Study material:

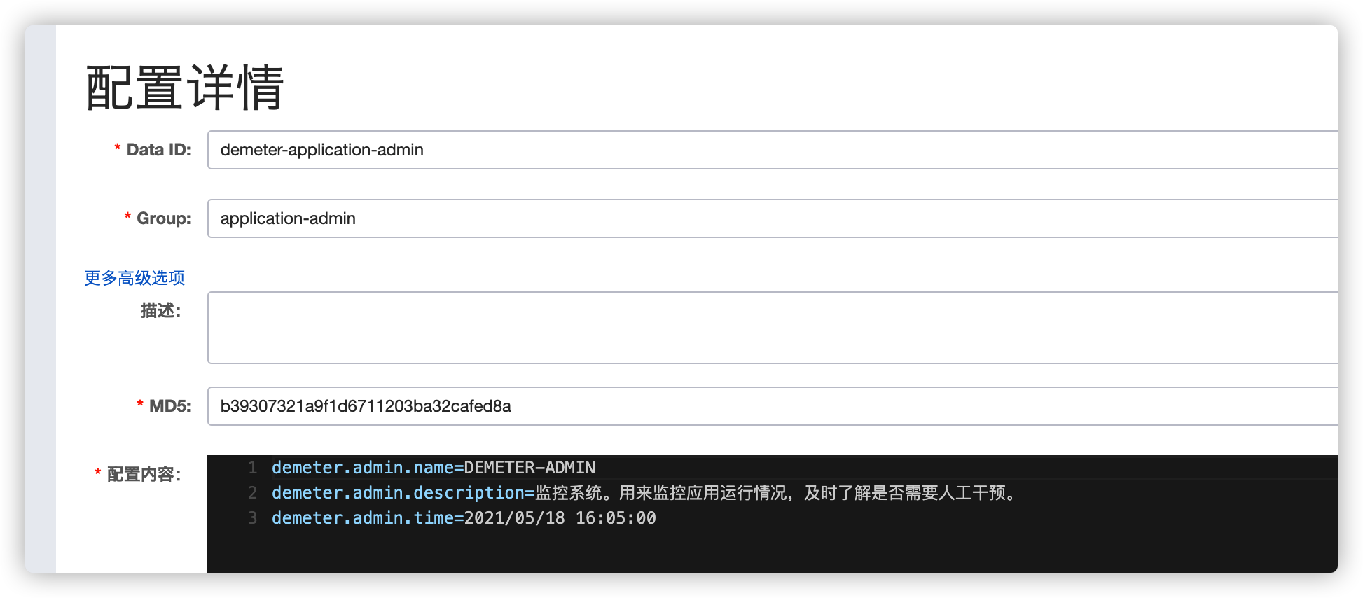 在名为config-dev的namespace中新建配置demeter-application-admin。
--
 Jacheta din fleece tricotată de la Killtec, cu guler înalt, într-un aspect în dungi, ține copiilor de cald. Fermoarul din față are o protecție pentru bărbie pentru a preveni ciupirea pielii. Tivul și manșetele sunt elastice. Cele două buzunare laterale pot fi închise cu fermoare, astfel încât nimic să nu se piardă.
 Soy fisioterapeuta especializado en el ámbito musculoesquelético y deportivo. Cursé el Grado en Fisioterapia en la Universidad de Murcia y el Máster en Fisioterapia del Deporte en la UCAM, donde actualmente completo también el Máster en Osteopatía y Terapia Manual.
==
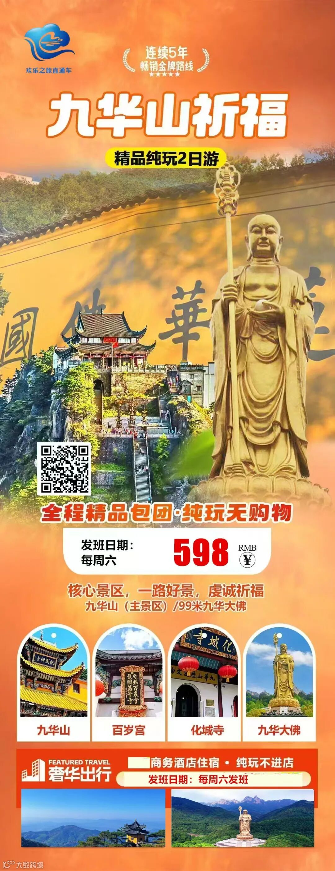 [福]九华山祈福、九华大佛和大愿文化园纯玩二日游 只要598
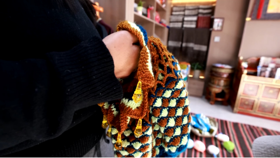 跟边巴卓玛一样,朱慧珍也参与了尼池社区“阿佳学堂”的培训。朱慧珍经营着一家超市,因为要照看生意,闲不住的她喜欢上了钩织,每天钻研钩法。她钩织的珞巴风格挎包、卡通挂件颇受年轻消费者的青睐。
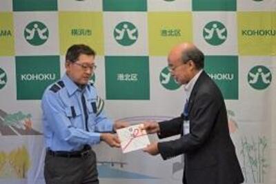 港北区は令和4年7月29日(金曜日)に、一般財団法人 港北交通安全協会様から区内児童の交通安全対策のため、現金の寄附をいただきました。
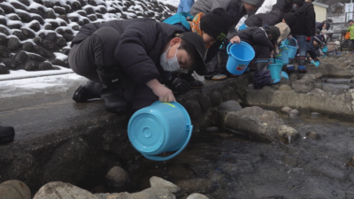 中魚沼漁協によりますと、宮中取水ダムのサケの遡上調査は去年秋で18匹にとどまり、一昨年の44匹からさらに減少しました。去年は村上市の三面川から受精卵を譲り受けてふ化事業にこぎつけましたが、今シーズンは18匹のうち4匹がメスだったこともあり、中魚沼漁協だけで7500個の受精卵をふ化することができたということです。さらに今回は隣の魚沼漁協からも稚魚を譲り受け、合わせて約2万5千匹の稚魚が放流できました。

Task: Within the material above, transcribe exactly the lines that run from the line holding "Jacheta din fleece" through the line holding "Soy fisioterapeuta especializado".

Answer below:
 Jacheta din fleece tricotată de la Killtec, cu guler înalt, într-un aspect în dungi, ține copiilor de cald. Fermoarul din față are o protecție pentru bărbie pentru a preveni ciupirea pielii. Tivul și manșetele sunt elastice. Cele două buzunare laterale pot fi închise cu fermoare, astfel încât nimic să nu se piardă.
 Soy fisioterapeuta especializado en el ámbito musculoesquelético y deportivo. Cursé el Grado en Fisioterapia en la Universidad de Murcia y el Máster en Fisioterapia del Deporte en la UCAM, donde actualmente completo también el Máster en Osteopatía y Terapia Manual.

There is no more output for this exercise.